INSTRUCTIONS FOR THE TASK
Without including any pictures, write out the listing below exactly.

DATA EXTRACT

▼▼▼

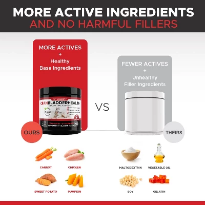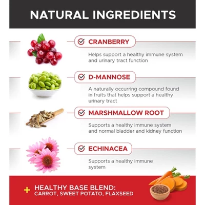 Pet Honesty’s Cranbladder Health soft chews help support normal and healthy kidneys, and promote bladder and urinary tract health. These delicious soft chews dogs help improve kidney and bladder function by keeping pH levels balanced and supporting normal renal function. Made from naturally derived ingredients like cranberry, echinacea, and marshmallow root, the vet-recommended supplements have a delicious taste your dog will love!
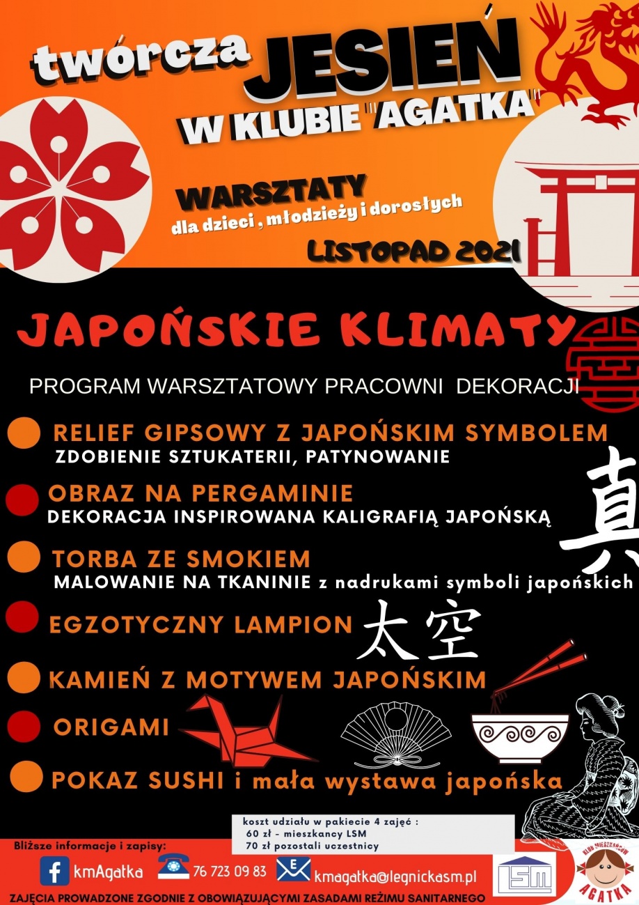 "Japońskie klimaty" to cykl listopadowych warsztatów organizowanych przez Klub Mieszkańców "Agatka" z myślą o dzieciach,młodzieży i osobach dorosłych. Na swoistą podróż do Kraju Kwitnącej Wiśni wybiorą się uczestnicy spotkań podczas warsztatów o różnorodnej tematyce, począwszy od inspiracji motywami kaligrafii japońskiej aż po sztukę przygotowania przysmaków sushi.Podczas warsztaów powstawać będą egzotyczne lampiony, galanteria z orientalnymi motywami oraz inne małe formy dekoracji.
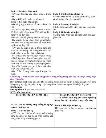 Hoạt động 2: Tìm hiểu về cách ứng phó với căng thẳng trong học tập và áp lực trong cuộc sống (20 phút)
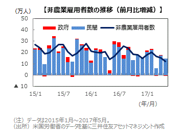 ホームマーケット日々のマーケットレポート堅調に推移する米国の雇用統計(2017年5月)賃金上昇率は緩やかで、利上げのペースも緩慢となろう/マーケット情報・レポート - 三井住友DSアセットマネジメント

▲▲▲

ANSWER SPACE
 Pet Honesty’s Cranbladder Health soft chews help support normal and healthy kidneys, and promote bladder and urinary tract health. These delicious soft chews dogs help improve kidney and bladder function by keeping pH levels balanced and supporting normal renal function. Made from naturally derived ingredients like cranberry, echinacea, and marshmallow root, the vet-recommended supplements have a delicious taste your dog will love!
 "Japońskie klimaty" to cykl listopadowych warsztatów organizowanych przez Klub Mieszkańców "Agatka" z myślą o dzieciach,młodzieży i osobach dorosłych. Na swoistą podróż do Kraju Kwitnącej Wiśni wybiorą się uczestnicy spotkań podczas warsztatów o różnorodnej tematyce, począwszy od inspiracji motywami kaligrafii japońskiej aż po sztukę przygotowania przysmaków sushi.Podczas warsztaów powstawać będą egzotyczne lampiony, galanteria z orientalnymi motywami oraz inne małe formy dekoracji.
 Hoạt động 2: Tìm hiểu về cách ứng phó với căng thẳng trong học tập và áp lực trong cuộc sống (20 phút)
 ホームマーケット日々のマーケットレポート堅調に推移する米国の雇用統計(2017年5月)賃金上昇率は緩やかで、利上げのペースも緩慢となろう/マーケット情報・レポート - 三井住友DSアセットマネジメント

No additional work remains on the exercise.